● **THE TASK**
Your reply is to be the lines below, exactly as written, with images omitted.

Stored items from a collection
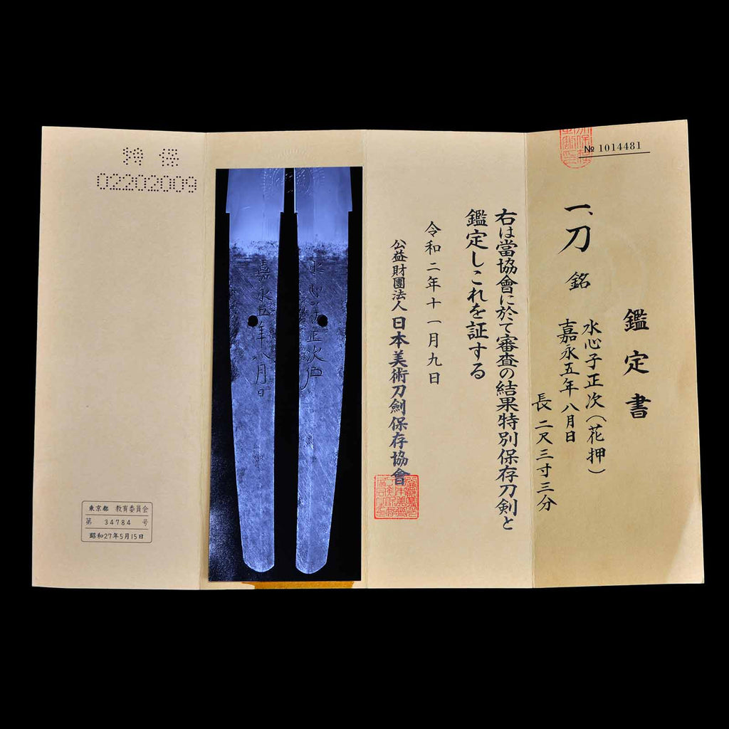 • Signature: Kan'ei Gonen Hachigatstu-bi(front), Suishinshi Masatsugu: engraved signature(back)
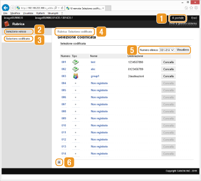 Visualizza i numeri a selezione codificata e l'elenco dei tasti di selezione veloce registrati nella Rubrica. Se è stato effettuato l'accesso in modalità Gestore sistema, è inoltre possibile registrare o modificare la rubrica.
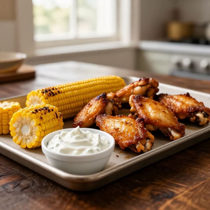 Knusprig gebackene, perfekt gewürzte Hähnchenflügel, serviert mit süßem geröstetem Maiskolben und einem erfrischenden, cremigen Tzatziki-Dip. Ein schmackhaftes und einfaches Abendessen unter der Woche.
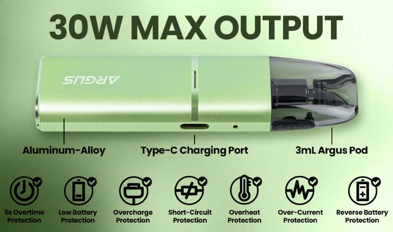 - Max 30W Power Output: Automatically matches the best power level to the inserted pod resistance (0.4Ω, 0.7Ω, 1.0Ω) to guarantee optimal flavor and vapor output every time.
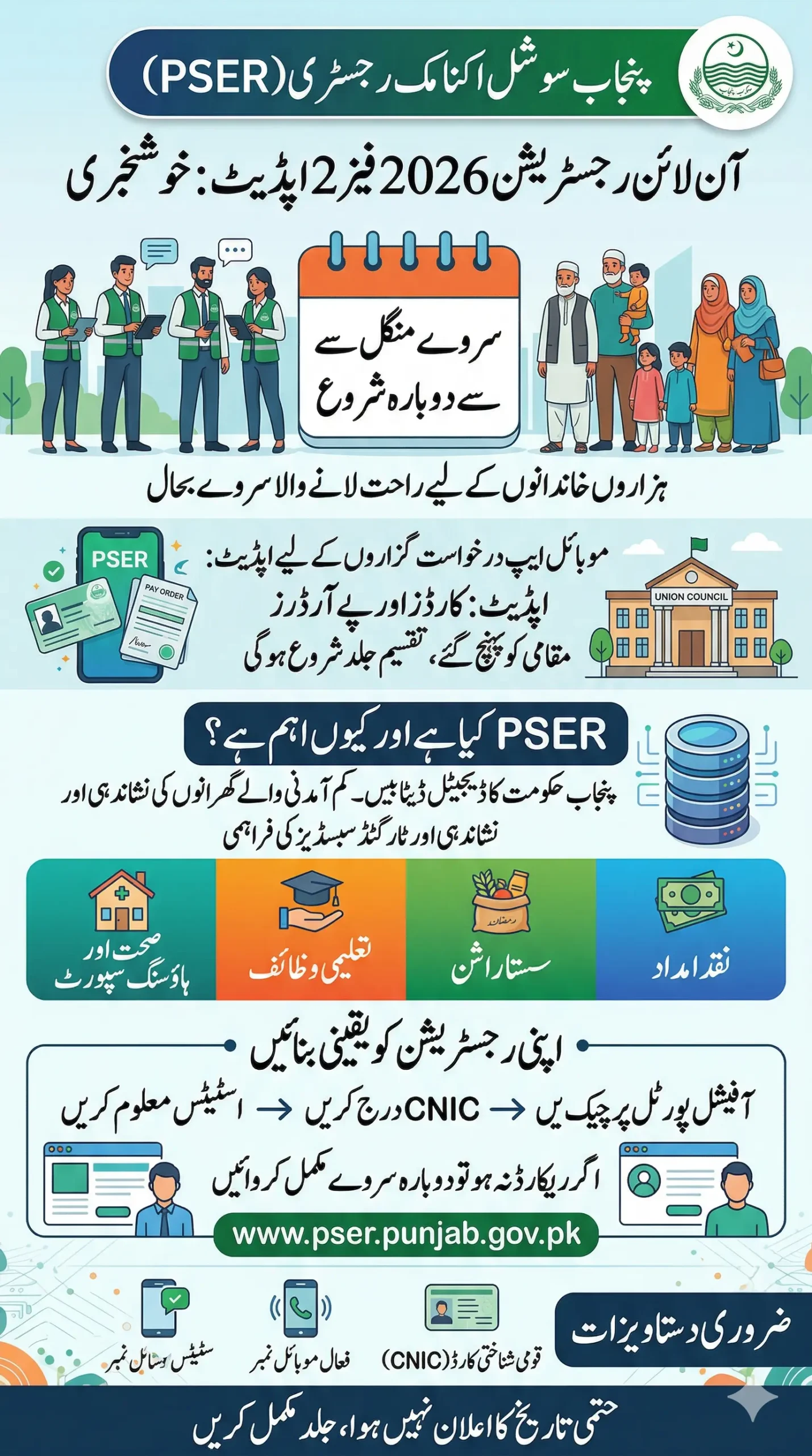 In 2026, the PSER database has become one of the main gateways to government welfare programs in Punjab. If a family is not registered in PSER, it may miss out on multiple support programs announced by the government.
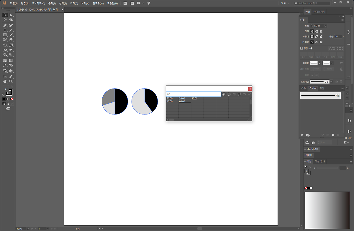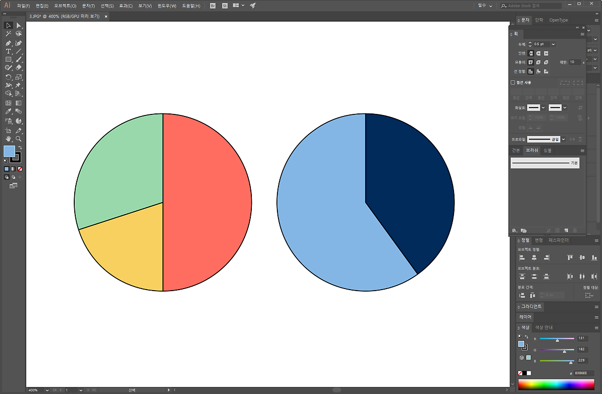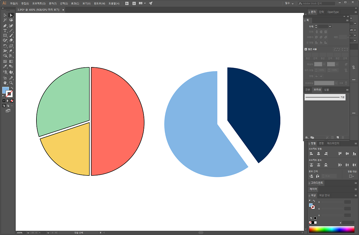 그대로 사용한다면 일러스트를 이용하는 이유가 없겠죠? 파이 그래프도 다양한 디자인 변경이 가능하답니다.
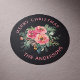 Pegatina Redonda Elegante Floral Negra de Invierno | Navidad
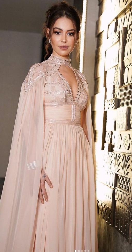 وتألقت منة شلبي بإطلالة ساحرة مميزة من اختيار خبير الموضة Mohamed ashraff توقيع مصمم الأزياء اللبناني زهير مراد، حيث ارتدت فستان طويل فضفاض، ينتمي لقصة الـ v، محدد الخصر، لياقة عالية، أتسم بكاب مطرز بحبات الخرز الذهبي من الأمام صمم الفستان من قماش الحرير باللون الكريمي، وتزينت ببعض المجوهرات الماسية المميزة.

● **WRITTEN ANSWER**
 • Signature: Kan'ei Gonen Hachigatstu-bi(front), Suishinshi Masatsugu: engraved signature(back)
 Visualizza i numeri a selezione codificata e l'elenco dei tasti di selezione veloce registrati nella Rubrica. Se è stato effettuato l'accesso in modalità Gestore sistema, è inoltre possibile registrare o modificare la rubrica.
 Knusprig gebackene, perfekt gewürzte Hähnchenflügel, serviert mit süßem geröstetem Maiskolben und einem erfrischenden, cremigen Tzatziki-Dip. Ein schmackhaftes und einfaches Abendessen unter der Woche.
 - Max 30W Power Output: Automatically matches the best power level to the inserted pod resistance (0.4Ω, 0.7Ω, 1.0Ω) to guarantee optimal flavor and vapor output every time.
 In 2026, the PSER database has become one of the main gateways to government welfare programs in Punjab. If a family is not registered in PSER, it may miss out on multiple support programs announced by the government.
 그대로 사용한다면 일러스트를 이용하는 이유가 없겠죠? 파이 그래프도 다양한 디자인 변경이 가능하답니다.
 Pegatina Redonda Elegante Floral Negra de Invierno | Navidad
 وتألقت منة شلبي بإطلالة ساحرة مميزة من اختيار خبير الموضة Mohamed ashraff توقيع مصمم الأزياء اللبناني زهير مراد، حيث ارتدت فستان طويل فضفاض، ينتمي لقصة الـ v، محدد الخصر، لياقة عالية، أتسم بكاب مطرز بحبات الخرز الذهبي من الأمام صمم الفستان من قماش الحرير باللون الكريمي، وتزينت ببعض المجوهرات الماسية المميزة.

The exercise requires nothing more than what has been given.